Dataset:
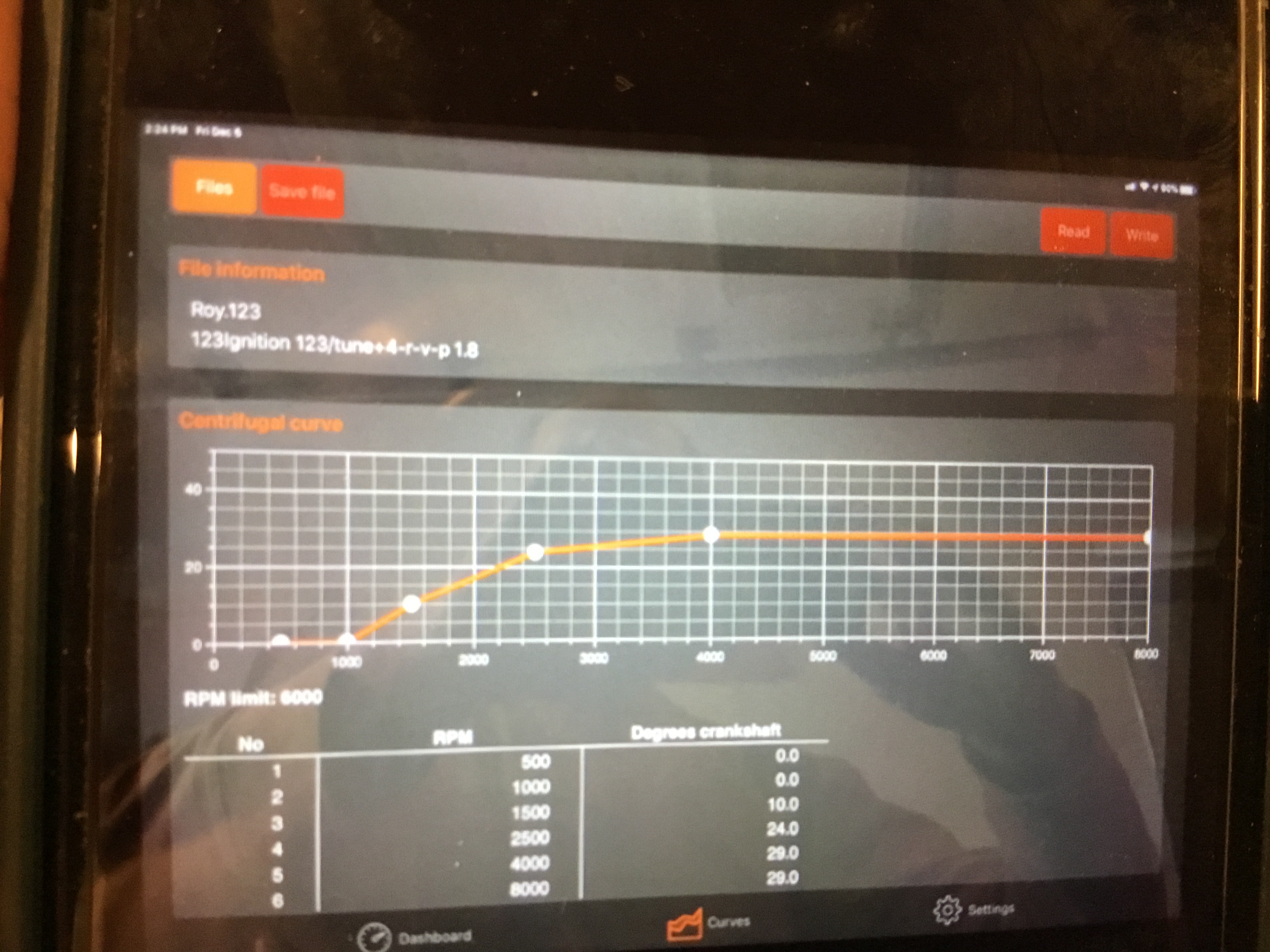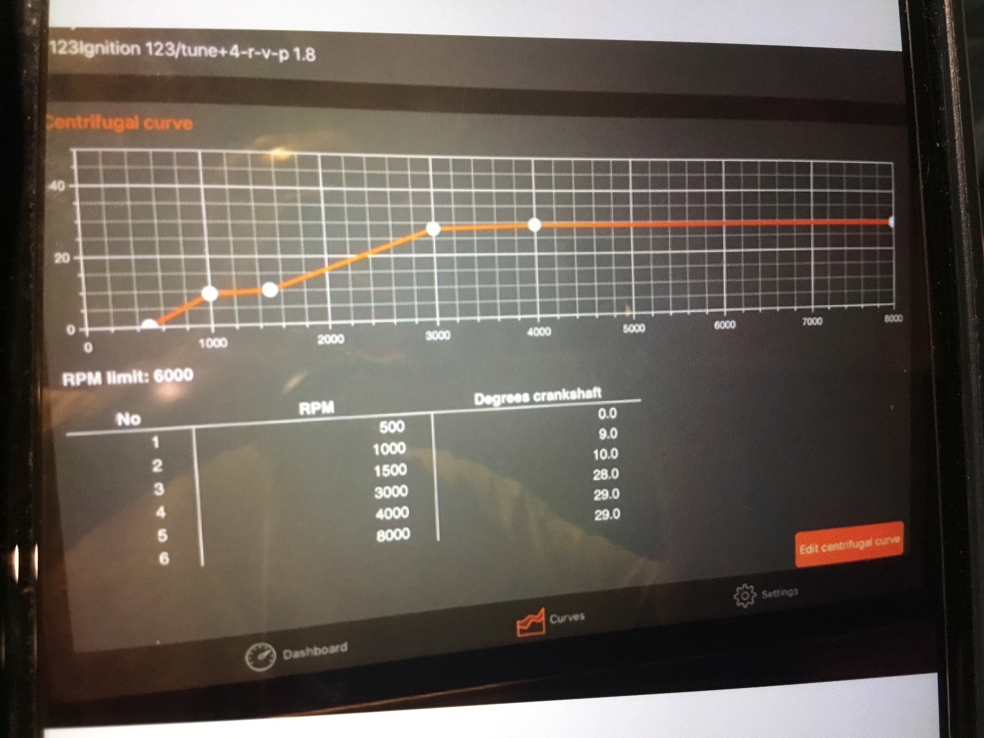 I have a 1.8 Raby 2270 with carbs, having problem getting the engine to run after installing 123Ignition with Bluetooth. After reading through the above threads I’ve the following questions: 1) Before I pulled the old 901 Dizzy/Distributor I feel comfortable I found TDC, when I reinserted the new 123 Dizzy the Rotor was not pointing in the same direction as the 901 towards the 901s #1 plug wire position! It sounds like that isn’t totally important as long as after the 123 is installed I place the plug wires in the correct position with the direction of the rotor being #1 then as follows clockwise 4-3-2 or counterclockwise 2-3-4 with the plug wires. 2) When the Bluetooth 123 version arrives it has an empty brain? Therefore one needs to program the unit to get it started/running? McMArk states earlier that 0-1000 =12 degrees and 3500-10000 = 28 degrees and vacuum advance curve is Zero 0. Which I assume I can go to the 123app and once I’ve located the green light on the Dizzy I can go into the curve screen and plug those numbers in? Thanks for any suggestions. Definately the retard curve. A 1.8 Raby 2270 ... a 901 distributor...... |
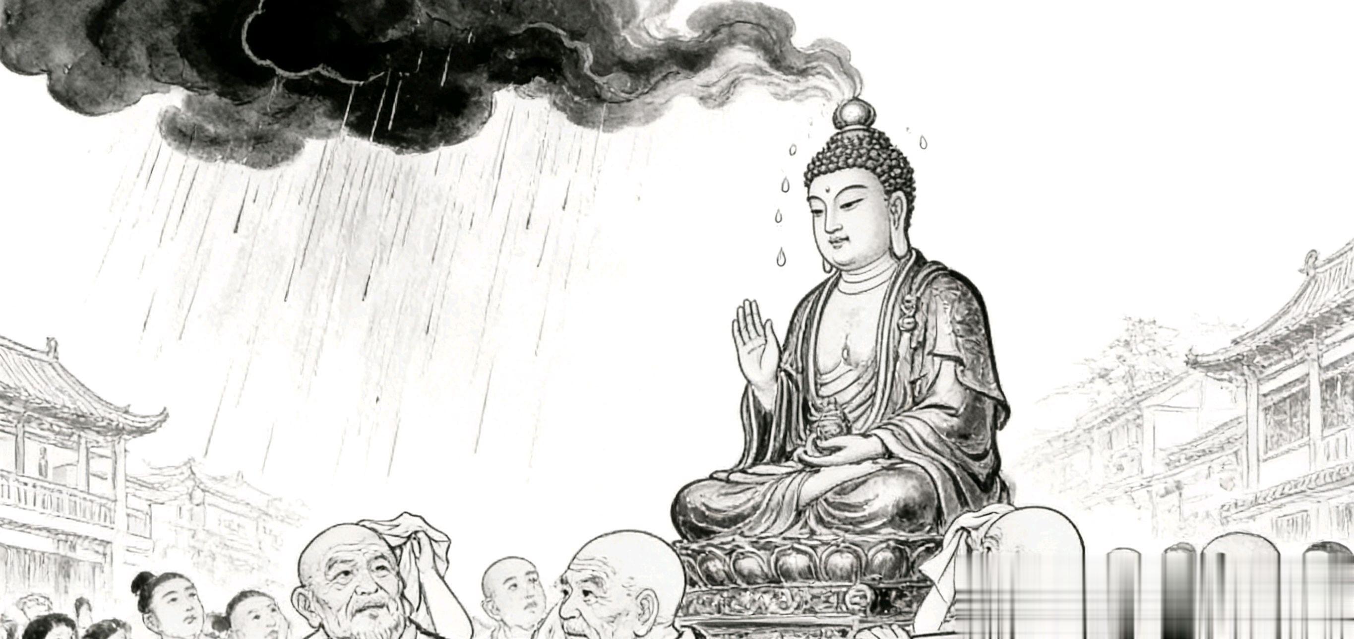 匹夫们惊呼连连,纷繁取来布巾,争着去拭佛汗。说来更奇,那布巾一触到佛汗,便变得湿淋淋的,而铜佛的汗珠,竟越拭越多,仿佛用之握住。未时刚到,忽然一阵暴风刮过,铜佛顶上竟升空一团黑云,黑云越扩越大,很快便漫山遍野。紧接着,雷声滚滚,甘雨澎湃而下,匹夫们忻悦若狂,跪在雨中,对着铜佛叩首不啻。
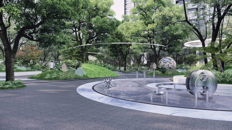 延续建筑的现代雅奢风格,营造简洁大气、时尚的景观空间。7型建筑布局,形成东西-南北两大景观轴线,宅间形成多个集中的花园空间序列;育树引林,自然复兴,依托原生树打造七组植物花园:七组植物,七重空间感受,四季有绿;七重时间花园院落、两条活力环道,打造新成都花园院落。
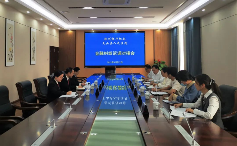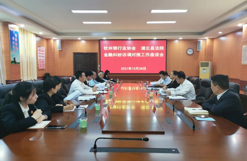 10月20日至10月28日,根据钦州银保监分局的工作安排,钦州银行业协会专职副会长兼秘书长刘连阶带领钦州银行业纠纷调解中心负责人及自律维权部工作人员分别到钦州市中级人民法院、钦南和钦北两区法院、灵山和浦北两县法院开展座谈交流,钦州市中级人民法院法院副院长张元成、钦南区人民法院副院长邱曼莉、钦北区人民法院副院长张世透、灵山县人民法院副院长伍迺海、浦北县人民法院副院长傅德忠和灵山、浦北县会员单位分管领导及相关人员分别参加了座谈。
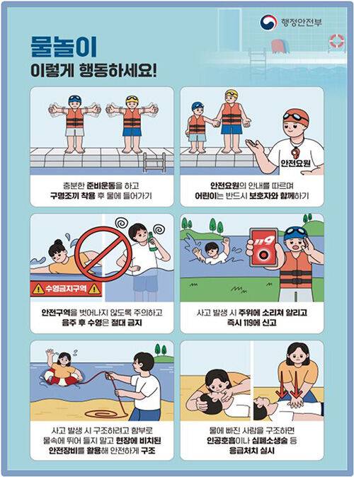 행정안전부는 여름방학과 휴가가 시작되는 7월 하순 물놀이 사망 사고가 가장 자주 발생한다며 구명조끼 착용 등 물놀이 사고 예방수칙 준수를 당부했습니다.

Brief:
Copy every record exactly, dropping the images.

Response to this task:
 I have a 1.8 Raby 2270 with carbs, having problem getting the engine to run after installing 123Ignition with Bluetooth. After reading through the above threads I’ve the following questions: 1) Before I pulled the old 901 Dizzy/Distributor I feel comfortable I found TDC, when I reinserted the new 123 Dizzy the Rotor was not pointing in the same direction as the 901 towards the 901s #1 plug wire position! It sounds like that isn’t totally important as long as after the 123 is installed I place the plug wires in the correct position with the direction of the rotor being #1 then as follows clockwise 4-3-2 or counterclockwise 2-3-4 with the plug wires. 2) When the Bluetooth 123 version arrives it has an empty brain? Therefore one needs to program the unit to get it started/running? McMArk states earlier that 0-1000 =12 degrees and 3500-10000 = 28 degrees and vacuum advance curve is Zero 0. Which I assume I can go to the 123app and once I’ve located the green light on the Dizzy I can go into the curve screen and plug those numbers in? Thanks for any suggestions. Definately the retard curve. A 1.8 Raby 2270 ... a 901 distributor...... |
 匹夫们惊呼连连,纷繁取来布巾,争着去拭佛汗。说来更奇,那布巾一触到佛汗,便变得湿淋淋的,而铜佛的汗珠,竟越拭越多,仿佛用之握住。未时刚到,忽然一阵暴风刮过,铜佛顶上竟升空一团黑云,黑云越扩越大,很快便漫山遍野。紧接着,雷声滚滚,甘雨澎湃而下,匹夫们忻悦若狂,跪在雨中,对着铜佛叩首不啻。
 延续建筑的现代雅奢风格,营造简洁大气、时尚的景观空间。7型建筑布局,形成东西-南北两大景观轴线,宅间形成多个集中的花园空间序列;育树引林,自然复兴,依托原生树打造七组植物花园:七组植物,七重空间感受,四季有绿;七重时间花园院落、两条活力环道,打造新成都花园院落。
 10月20日至10月28日,根据钦州银保监分局的工作安排,钦州银行业协会专职副会长兼秘书长刘连阶带领钦州银行业纠纷调解中心负责人及自律维权部工作人员分别到钦州市中级人民法院、钦南和钦北两区法院、灵山和浦北两县法院开展座谈交流,钦州市中级人民法院法院副院长张元成、钦南区人民法院副院长邱曼莉、钦北区人民法院副院长张世透、灵山县人民法院副院长伍迺海、浦北县人民法院副院长傅德忠和灵山、浦北县会员单位分管领导及相关人员分别参加了座谈。
 행정안전부는 여름방학과 휴가가 시작되는 7월 하순 물놀이 사망 사고가 가장 자주 발생한다며 구명조끼 착용 등 물놀이 사고 예방수칙 준수를 당부했습니다.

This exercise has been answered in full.